Nichole ate the scallion pancake with a Coke.
The bill was $50, or $25/person, plus tip.
JM gave Heritage Tavern an A-; Nichole gave Heritage Tavern a B+ (see our grading rubric).
Retro naming is all the rage in Madison, as if it communicates something about the nature of your storied cuisine. Vintage... Old Fashioned... Heritage... Certainly, you can find quality food at places whose names range from soup to nuts, but the shorthand of naming yourself something old is equal parts small-c conservative (though the Heritage Foundation does cross the mind) and trying to build in more tradition than you can rightly claim.
On the night we went, and most nights, the server assured us, we could have walked into Heritage Tavern and ordered a whole roast suckling pig to eat family-style, and it would be ready in about an hour. The whole menu is the kind of production that we'd like to call sophisticated, but hesitate to, because that implies that we have some broader knowledge, and what we actually mean is it's way above our heads. Some key words popped out - Au Bon Canard duck breast, Waygu beef, and Mangalitsa pork, for example. So, Heritage is a place for food people.
As it turns out, we didn't eat anything with feet. We only noticed that in retrospect - it wasn't an ideological stance or anything. Though it turned out to be a cheap way to go.
The bread plate was nice. There were baguette slices brought in from either Batch or Madison Sourdough (dang, we are off our game), fresh butter, and a generous pile of fleur de sel that Nichole put on everything because she just loves salt. There was a little jar of pickled asparagus, too, more on that later.
The bouillabaisse was a wonder of fishy goodness in both senses. In many ways, there was seafood here that JM just plain would not have eaten if it hadn't been coated in buttery soup. The flavor, though, was right, with more spices than specifically seafood-y overtaste. This all turned out to be good because Heritage had the JM-style problem, namely everything looked great except for one thing in each preparation that scared him off. In some ways, the less he knows about what's on his plate, the better.

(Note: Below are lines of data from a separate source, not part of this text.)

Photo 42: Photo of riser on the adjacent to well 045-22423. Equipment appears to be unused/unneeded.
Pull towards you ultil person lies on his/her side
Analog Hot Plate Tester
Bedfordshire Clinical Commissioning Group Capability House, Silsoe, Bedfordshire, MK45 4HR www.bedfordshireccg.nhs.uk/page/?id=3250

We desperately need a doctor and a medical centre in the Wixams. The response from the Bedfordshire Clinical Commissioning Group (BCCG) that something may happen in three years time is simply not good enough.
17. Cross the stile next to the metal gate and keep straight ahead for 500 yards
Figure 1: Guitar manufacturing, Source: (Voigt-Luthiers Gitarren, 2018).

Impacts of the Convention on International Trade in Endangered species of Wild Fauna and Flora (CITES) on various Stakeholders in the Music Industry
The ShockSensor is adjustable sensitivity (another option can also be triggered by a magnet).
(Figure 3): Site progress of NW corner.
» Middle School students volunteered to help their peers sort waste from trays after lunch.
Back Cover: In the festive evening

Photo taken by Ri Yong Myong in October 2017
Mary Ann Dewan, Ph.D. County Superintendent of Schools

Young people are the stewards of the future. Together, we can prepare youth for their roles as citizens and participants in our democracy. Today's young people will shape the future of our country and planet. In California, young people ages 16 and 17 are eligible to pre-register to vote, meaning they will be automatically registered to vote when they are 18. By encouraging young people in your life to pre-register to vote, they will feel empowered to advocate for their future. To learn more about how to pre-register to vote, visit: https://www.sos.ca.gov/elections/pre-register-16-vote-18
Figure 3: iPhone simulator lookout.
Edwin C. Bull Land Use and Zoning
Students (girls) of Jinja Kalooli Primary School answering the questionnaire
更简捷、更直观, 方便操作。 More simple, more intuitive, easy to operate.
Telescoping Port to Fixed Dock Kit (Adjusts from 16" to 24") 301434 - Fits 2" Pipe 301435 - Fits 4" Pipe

The vegetarian scallion pancake & root vegetable slaw dish was pretty, and colorful. The cubes of fried tofu were amazing - soft and light. The slaw, carrot planks and long, unruly red and green cabbage shreds, came in a creamy white soy dressing. The gochujang butter, made with Korean fermented chili paste, added a bite to the works. The cashews were chewy little nuggets and the fried farm egg was delicious; probably the least fun but most filling part of the dish was the actual pancake, which seemed a little overcooked.
Based on the not-so-wonderful asparagus (woody and greyish) that came with the bread plate, and the little dish of kimchi with the scallion pancakes, the pickle program at Heritage could use some fine-tuning. The flavors were OK but the textures were just a little soft, and the colors unappealing.
Other than that, Heritage offers a high-end experience at just below market prices. That makes it a go-to spot for after work drinks and fancy dinner, but it sure seems like Madison has a lot of these places and we can only hope that each one survives the others.